Once again to quote Our Lady of Perpetual Help, “Why don’t you just ask ?”
Abundant blessings

St Anthony Heals the Sick

November 11th, 2021

St Anthony Heals the Sick

St Anthony Heals the Sick (feast day 13 June)
“Dear Anthony, you have always helped those who invoked you. I fervently pray for a sick person so dear to me. I beg you to obtain for him/her the gift of healing, or at least to ease his/her pain and find inside him/her the strength to offer those tribulations to the Lord in union with the Passion of Jesus Christ. You, who in your earthly life were a friend of the suffering and supported them with your deep charity and your gift of miracles, be close to us through your protection, console our hearts and turn our physical and mental suffering into a source of merit for the eternal life.
Amen”
Prayer from the Basilica of St Anthony in Padua, Italy
Here’s another prayer.....
“never known to fail, provided that the request is for one’s spiritual benefit or for those whom we are praying for. It is important to remember that God always answers our prayers. His response may not be what we expected or wanted, but he always grants us exactly what we need.
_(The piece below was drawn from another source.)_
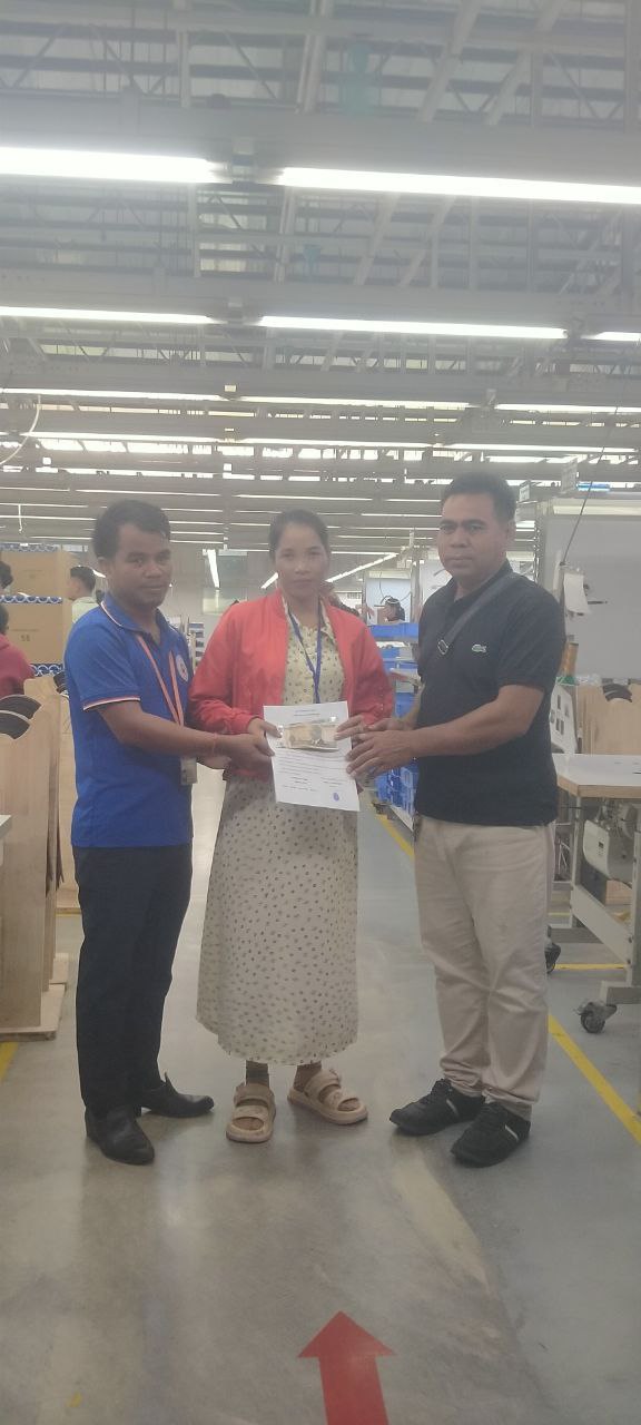 លោក សែ ចិត និងក្រុមការងារតំណាងសហជីពទឹកចិត្តកម្មករកម្ពុជា ប្រចាំក្រុមហ៊ុន វេនធូរ៉ា លេឌើរវែរ អឹមអេហ្វវ៉ាយ (ស៊ីឌី) ឯ.ក បានផ្ដល់ប្រាក់ឧបត្ថម្ភចំនួន១,៩២០,០០០រៀលជូនទៅដល់សមាជិកសហជីពចំនួន១៦នាក់
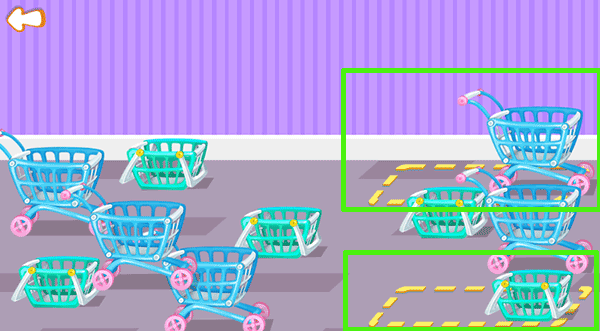 2、游戏玩法是颜色、类型归类,把相同颜色的购物车移动到相同的方框内即可完成;

O Holy St Anthony gentlest of Saints, your love of God and charity for his creatures, made you worthy, when on earth, to possess miraculous powers. Encouraged by this thought, I implore you to obtain for me (request).
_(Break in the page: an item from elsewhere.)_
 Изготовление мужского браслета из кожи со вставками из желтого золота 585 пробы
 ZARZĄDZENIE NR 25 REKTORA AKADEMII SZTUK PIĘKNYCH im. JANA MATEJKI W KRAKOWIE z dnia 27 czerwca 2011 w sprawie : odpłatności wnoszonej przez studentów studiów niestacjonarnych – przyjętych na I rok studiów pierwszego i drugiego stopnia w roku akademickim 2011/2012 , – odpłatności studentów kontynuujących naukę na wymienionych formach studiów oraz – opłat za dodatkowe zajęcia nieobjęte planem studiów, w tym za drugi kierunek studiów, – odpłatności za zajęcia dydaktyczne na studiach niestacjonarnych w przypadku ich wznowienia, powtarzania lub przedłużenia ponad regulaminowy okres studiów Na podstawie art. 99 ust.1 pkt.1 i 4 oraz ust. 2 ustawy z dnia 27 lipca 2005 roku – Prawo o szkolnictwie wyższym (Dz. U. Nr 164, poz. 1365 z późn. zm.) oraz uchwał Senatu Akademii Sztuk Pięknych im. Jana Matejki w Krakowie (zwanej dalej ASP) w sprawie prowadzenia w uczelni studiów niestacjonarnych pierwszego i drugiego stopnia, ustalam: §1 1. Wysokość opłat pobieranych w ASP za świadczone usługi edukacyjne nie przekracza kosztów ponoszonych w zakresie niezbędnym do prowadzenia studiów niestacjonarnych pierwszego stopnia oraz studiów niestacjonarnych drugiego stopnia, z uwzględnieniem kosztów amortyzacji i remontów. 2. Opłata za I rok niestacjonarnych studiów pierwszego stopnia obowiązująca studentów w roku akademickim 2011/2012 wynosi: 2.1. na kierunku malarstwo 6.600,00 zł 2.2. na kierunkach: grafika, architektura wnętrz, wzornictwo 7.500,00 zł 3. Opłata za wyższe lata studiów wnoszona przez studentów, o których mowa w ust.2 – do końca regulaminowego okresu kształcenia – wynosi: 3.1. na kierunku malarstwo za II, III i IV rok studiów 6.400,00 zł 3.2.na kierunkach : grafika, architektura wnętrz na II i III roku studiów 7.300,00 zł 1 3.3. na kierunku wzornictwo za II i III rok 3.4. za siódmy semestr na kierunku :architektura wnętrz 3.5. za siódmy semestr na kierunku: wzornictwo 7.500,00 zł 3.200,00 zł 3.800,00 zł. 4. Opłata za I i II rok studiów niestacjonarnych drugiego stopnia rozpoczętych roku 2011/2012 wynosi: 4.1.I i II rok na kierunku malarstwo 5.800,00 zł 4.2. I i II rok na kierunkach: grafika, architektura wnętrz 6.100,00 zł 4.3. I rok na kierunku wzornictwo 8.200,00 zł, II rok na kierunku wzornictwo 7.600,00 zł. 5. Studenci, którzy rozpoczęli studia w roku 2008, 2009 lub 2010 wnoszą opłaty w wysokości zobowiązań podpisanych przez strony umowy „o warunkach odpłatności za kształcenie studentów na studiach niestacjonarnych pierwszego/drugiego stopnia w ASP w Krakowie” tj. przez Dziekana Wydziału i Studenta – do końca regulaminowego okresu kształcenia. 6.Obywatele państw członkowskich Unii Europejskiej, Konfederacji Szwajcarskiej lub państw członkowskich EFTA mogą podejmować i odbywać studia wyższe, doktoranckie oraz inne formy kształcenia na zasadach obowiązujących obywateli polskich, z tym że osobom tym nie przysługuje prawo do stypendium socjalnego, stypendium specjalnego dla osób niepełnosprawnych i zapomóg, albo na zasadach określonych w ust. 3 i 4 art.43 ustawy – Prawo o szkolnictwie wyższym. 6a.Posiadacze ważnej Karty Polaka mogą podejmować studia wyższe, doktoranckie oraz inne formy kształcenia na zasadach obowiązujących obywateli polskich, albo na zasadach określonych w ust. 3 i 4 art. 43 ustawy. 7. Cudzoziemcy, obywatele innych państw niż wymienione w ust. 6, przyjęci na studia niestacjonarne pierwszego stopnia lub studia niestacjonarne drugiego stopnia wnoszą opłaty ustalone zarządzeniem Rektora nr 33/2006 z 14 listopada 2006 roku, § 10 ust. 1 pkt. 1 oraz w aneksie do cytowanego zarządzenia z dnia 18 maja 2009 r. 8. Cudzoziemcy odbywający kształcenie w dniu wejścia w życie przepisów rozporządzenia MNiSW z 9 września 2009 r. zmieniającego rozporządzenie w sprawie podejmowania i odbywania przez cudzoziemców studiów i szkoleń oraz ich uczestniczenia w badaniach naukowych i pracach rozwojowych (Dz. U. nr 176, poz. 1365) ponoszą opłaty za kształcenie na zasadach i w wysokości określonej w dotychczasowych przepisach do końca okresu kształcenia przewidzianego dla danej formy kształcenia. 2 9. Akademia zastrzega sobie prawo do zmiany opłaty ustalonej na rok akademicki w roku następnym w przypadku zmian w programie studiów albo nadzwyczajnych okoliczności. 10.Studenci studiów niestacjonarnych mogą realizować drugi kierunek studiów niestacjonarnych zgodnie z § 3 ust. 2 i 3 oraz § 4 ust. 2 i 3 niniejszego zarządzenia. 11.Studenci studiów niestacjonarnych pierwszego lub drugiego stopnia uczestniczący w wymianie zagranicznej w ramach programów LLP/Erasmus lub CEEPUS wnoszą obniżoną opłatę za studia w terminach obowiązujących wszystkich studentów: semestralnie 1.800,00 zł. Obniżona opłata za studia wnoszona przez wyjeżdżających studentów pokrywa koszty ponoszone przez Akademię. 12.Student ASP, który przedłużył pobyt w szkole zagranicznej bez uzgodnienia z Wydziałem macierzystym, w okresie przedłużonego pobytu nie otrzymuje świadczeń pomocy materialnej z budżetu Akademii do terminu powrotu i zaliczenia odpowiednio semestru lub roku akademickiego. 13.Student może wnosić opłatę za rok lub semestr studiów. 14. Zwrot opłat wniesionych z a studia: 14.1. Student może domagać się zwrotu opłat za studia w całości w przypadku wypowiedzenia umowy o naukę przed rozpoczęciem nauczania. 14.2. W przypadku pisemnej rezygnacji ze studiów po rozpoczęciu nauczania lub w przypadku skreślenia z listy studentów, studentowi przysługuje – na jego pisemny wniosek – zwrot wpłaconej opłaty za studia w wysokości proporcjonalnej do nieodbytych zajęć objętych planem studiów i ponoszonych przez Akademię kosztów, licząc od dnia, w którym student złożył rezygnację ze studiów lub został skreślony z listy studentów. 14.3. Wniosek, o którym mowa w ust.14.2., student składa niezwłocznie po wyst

O gentle and loving St Anthony, whose heart was ever full of human sympathy, whisper my petition into the ears of the sweet Infant Jesus, who loved to be folded in your arms. The gratitude of my heart will ever be yours.
Amen”
This icon was commissioned by St Anthony’s Hospital in Denver, Colorado. I also painted/wrote another icon of Anthony holding the Infant Jesus, or actually, Jesus is clinging tightly to him. Another story for another time. But now I think we are in a specific time/need for Anthony the Healer.
In my twenties I was blessed to visit his tomb in Padua, (Anthony was actually from Lisbon, Portugal but is always known as Anthony of Padua). I’ve never seen anything like the people walking by the wall where he is buried and touching it with their hands. It moved me so much. I’m certain that people who visit St Padre Pio or Our Lady of Lourdes have the same experience. I also felt that way visiting the tomb of St Aloysius in the church of Sant Ignazio in Rome ... and yet I was alone. I wrote down names of people who were sick with HIV/AIDS on little pieces of paper and stuck them into the bricks near St Aluigi Gonzaga. He is known in Italian as Luigi, but his own signature, we still have, is Aluigi.
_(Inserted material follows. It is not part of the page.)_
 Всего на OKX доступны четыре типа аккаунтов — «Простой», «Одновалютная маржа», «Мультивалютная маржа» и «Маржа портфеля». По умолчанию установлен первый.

Anthony was my Mom’s favorite saint and happens to be the most popular of all the millions of saints. He’s known for finding things that are lost. Mom always told us “He doesn’t exactly find it for you; he tells you where to look.” Last year in the middle of the pandemic, before the election, I lost my wallet and I felt him tell me to give up, it was gone. I forgive him because the address on my driver’s license was in Arroyo Seco, up North, 17 miles from Taos, and if I hadn’t gotten a new one I couldn’t have voted down here in Albuquerque.
I know that we all have several people that need healing. This year St Anthony follows the feast days of the Sacred Heart of Jesus and the Immaculate Heart of Mary. I promise to ask God during Mass tomorrow to answer all your prayers even if I have never met you ... God knows what you need.